#### RECORDED DATA
++++++++++++++++++++
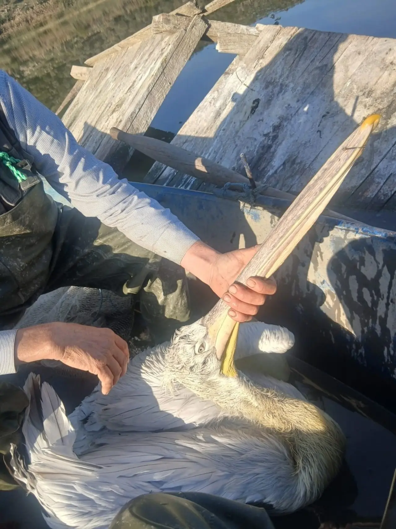 Yeşilköy Su Ürünleri Kooperatifi Başkanı Fahrettin Öztürk ve yardımcısı Ali Dayı, pelikanın platformda hareketsiz durduğunu fark etti. Kuşun gagasına dolanan olta iğneleri dikkatle çıkarıldı.
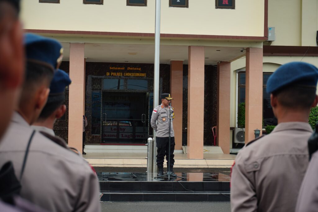 Apel penyambutan tersebut diikuti oleh para pejabat utama Polres Lhokseumawe, personel Polres Lhokseumawe, serta personel BKO Brimob yang baru tiba untuk memperkuat upaya penanganan dampak bencana alam banjir yang melanda sejumlah wilayah.
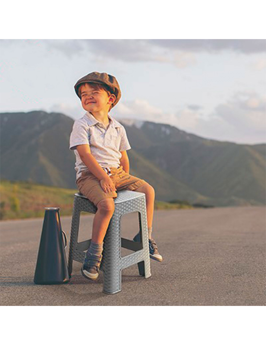 Este práctico taburete multiusos de plástico con un bonito diseño de imitación de mimbre te será muy útil para sentarte o también para usar como mesa improvisada. Es muy ligero por lo que se puede transportar fácilmente. Sus cuatro patas con reposapiés le aportan una gran estabilidad.
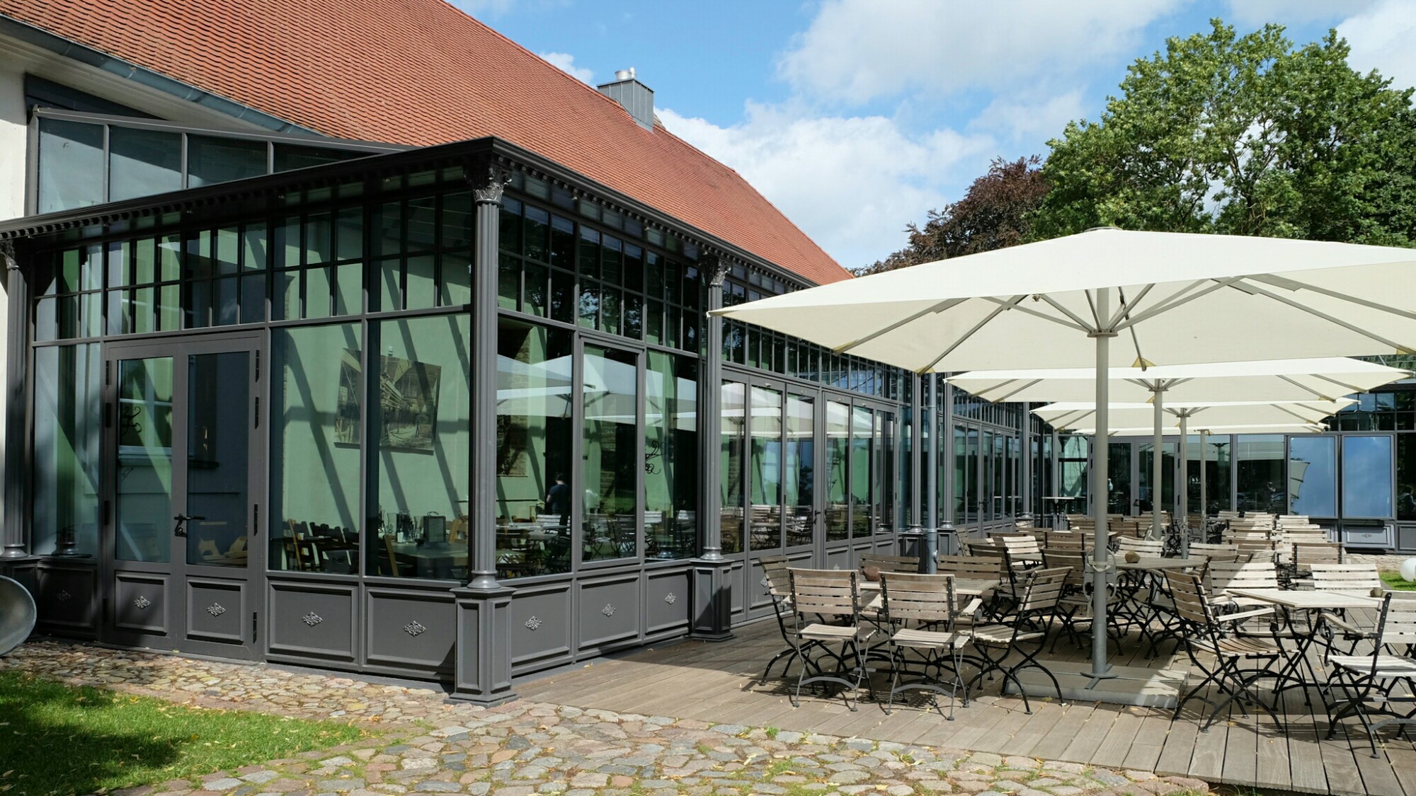 Nachdem man an der Brücke 2€ Brückenzoll bezahlt hat (es war vor dem Passieren des „Zolls“ nicht ganz klar, ob man als Restaurant-Gast den linksseitigen Gratisparkplatz für Gäste benutzten durfte, oder auf dem kostenpflichtigen rechtsseitigen Parkplatz parken musste), darf man die verschiedenen Restaurationsbereiche betreten oder den kleinen Garten innerhalb des rechteckigen Wassergrabens hinter dem Haus begutachten. Ich habe auf dem Schlossplatz die gutbürgerliche Küche (ein grosser, währschafter Teller mit Flunderfilets mit Bratkartoffeln und Co.) sowie das selbstgebraute Bier und den selbst gerösteten Kaffee probiert. Kann ich empfehlen: Das hat geschmeckt und war sehr entspannt, da auch die Sonne die Gäste ausserhalb der Reichweite der Sonnenschirme verwöhnte.
++++++++++++++++++++
#### WHAT YOU HAVE TO DO
Output all of the data above exactly; no pictures should appear.

#### PROBLEM SOLUTION
 Yeşilköy Su Ürünleri Kooperatifi Başkanı Fahrettin Öztürk ve yardımcısı Ali Dayı, pelikanın platformda hareketsiz durduğunu fark etti. Kuşun gagasına dolanan olta iğneleri dikkatle çıkarıldı.
 Apel penyambutan tersebut diikuti oleh para pejabat utama Polres Lhokseumawe, personel Polres Lhokseumawe, serta personel BKO Brimob yang baru tiba untuk memperkuat upaya penanganan dampak bencana alam banjir yang melanda sejumlah wilayah.
 Este práctico taburete multiusos de plástico con un bonito diseño de imitación de mimbre te será muy útil para sentarte o también para usar como mesa improvisada. Es muy ligero por lo que se puede transportar fácilmente. Sus cuatro patas con reposapiés le aportan una gran estabilidad.
 Nachdem man an der Brücke 2€ Brückenzoll bezahlt hat (es war vor dem Passieren des „Zolls“ nicht ganz klar, ob man als Restaurant-Gast den linksseitigen Gratisparkplatz für Gäste benutzten durfte, oder auf dem kostenpflichtigen rechtsseitigen Parkplatz parken musste), darf man die verschiedenen Restaurationsbereiche betreten oder den kleinen Garten innerhalb des rechteckigen Wassergrabens hinter dem Haus begutachten. Ich habe auf dem Schlossplatz die gutbürgerliche Küche (ein grosser, währschafter Teller mit Flunderfilets mit Bratkartoffeln und Co.) sowie das selbstgebraute Bier und den selbst gerösteten Kaffee probiert. Kann ich empfehlen: Das hat geschmeckt und war sehr entspannt, da auch die Sonne die Gäste ausserhalb der Reichweite der Sonnenschirme verwöhnte.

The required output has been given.